*WHAT YOU HAVE TO DO*
Below are the records; extract from them the line containing "劉世博,1997年5月20日" to the line containing "A dramatic table", both lines included, exactly and with no pictures.

*RECORD EXTRACTS*
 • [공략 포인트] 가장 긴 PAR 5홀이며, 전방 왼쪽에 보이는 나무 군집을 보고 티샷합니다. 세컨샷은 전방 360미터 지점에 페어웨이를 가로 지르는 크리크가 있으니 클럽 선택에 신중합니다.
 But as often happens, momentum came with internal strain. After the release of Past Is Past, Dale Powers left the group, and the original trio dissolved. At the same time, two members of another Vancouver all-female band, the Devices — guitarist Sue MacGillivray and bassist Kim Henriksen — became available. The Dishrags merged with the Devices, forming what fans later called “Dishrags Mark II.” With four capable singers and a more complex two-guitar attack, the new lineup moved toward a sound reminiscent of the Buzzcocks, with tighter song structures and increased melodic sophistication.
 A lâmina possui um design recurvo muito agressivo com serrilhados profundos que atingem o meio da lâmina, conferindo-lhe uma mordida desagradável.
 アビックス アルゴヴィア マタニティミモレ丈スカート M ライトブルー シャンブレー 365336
---
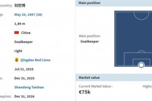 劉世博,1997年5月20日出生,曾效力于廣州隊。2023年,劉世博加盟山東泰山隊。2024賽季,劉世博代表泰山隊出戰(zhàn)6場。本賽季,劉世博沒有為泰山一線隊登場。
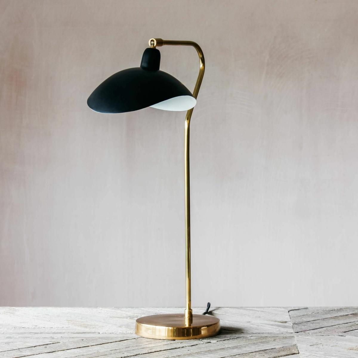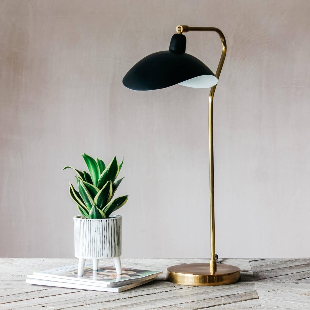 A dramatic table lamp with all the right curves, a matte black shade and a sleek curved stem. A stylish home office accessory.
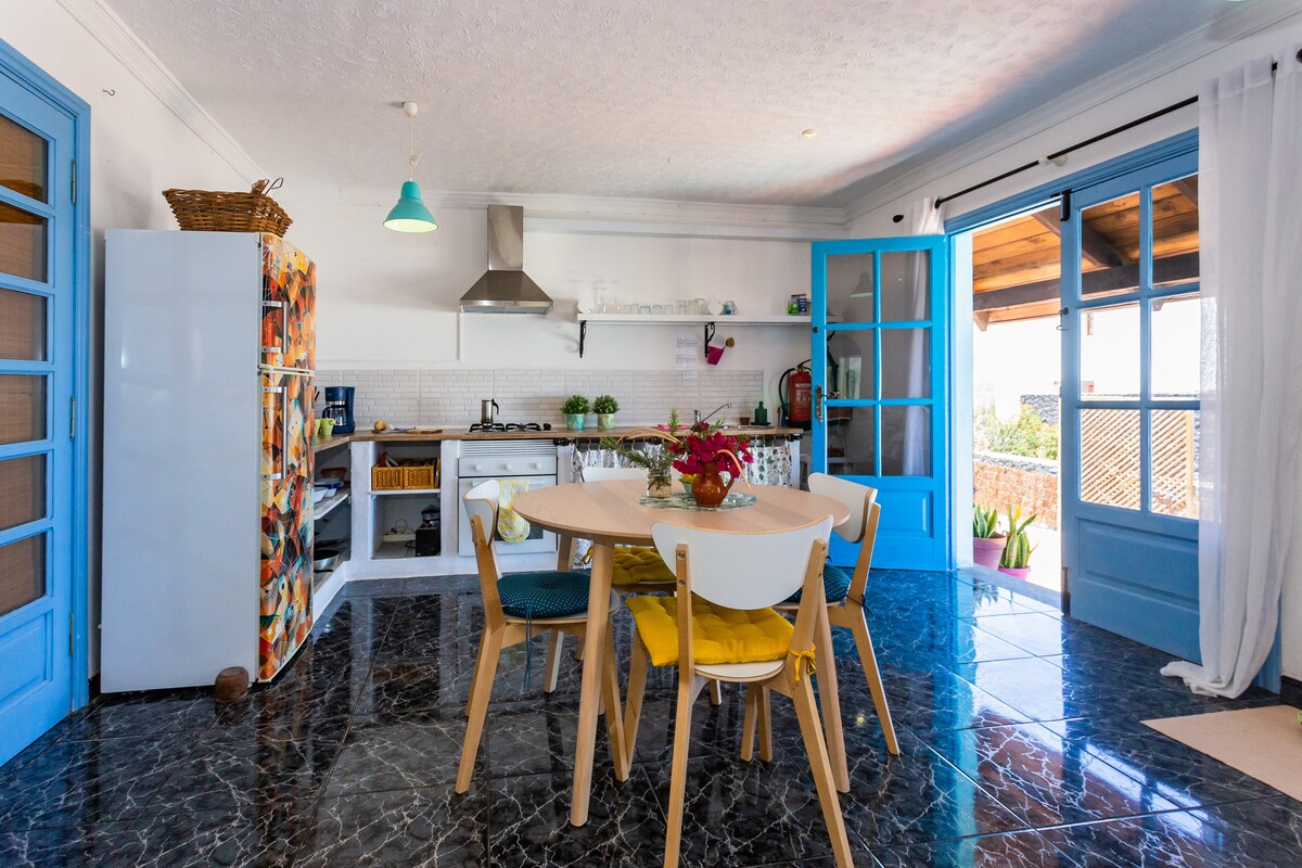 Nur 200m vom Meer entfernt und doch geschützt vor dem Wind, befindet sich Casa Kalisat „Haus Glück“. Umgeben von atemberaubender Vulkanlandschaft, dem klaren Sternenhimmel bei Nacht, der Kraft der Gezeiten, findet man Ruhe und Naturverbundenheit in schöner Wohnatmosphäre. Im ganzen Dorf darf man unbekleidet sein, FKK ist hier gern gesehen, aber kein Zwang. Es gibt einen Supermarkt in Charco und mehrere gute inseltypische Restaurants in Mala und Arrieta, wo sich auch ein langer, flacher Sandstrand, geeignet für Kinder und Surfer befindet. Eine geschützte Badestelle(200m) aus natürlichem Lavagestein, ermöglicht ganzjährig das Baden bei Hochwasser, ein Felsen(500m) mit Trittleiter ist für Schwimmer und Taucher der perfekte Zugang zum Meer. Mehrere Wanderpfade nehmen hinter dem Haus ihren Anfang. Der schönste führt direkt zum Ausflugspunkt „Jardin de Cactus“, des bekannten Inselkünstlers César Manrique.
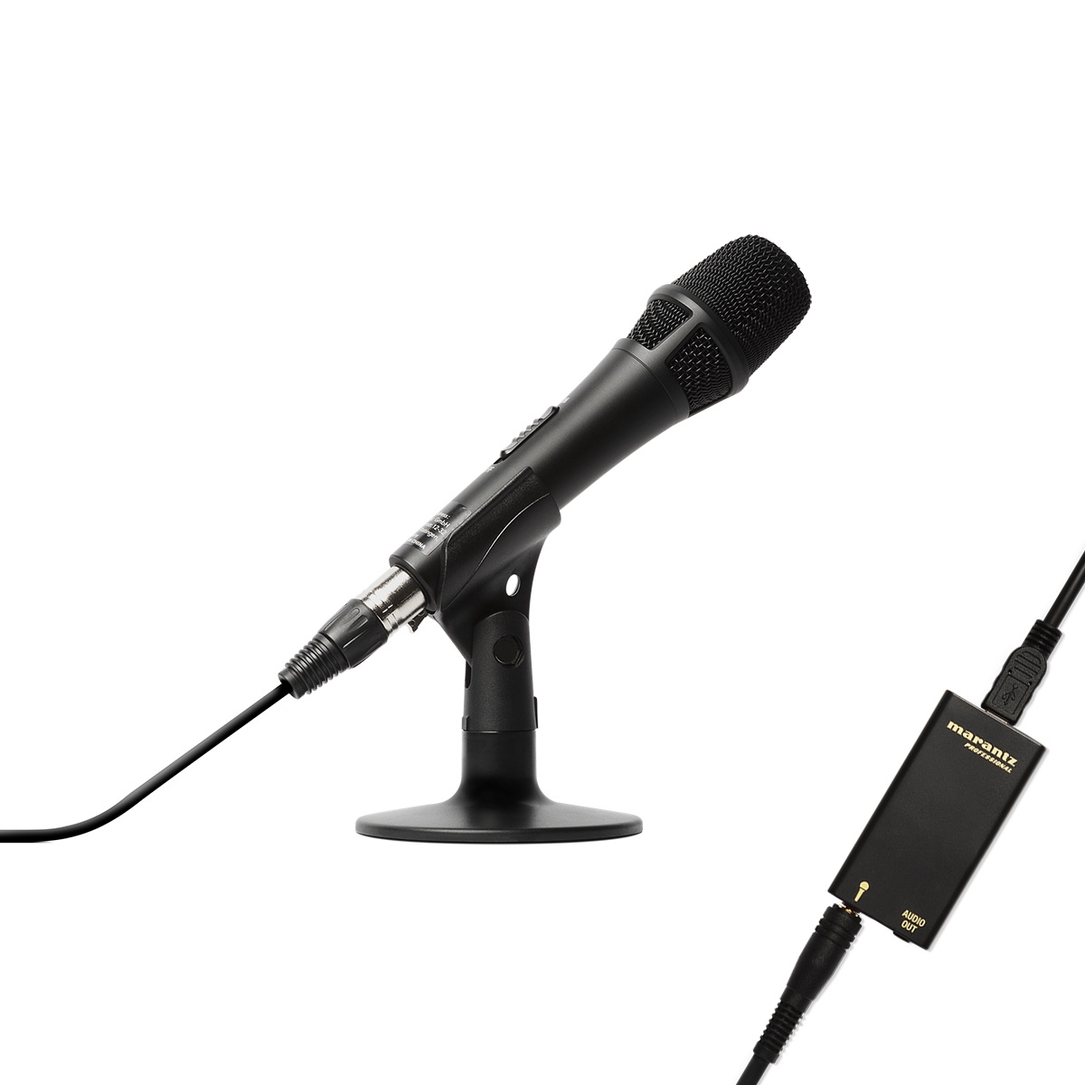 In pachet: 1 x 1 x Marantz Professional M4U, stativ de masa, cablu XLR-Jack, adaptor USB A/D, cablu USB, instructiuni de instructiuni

*TASK RESPONSE*
 劉世博,1997年5月20日出生,曾效力于廣州隊。2023年,劉世博加盟山東泰山隊。2024賽季,劉世博代表泰山隊出戰(zhàn)6場。本賽季,劉世博沒有為泰山一線隊登場。
 A dramatic table lamp with all the right curves, a matte black shade and a sleek curved stem. A stylish home office accessory.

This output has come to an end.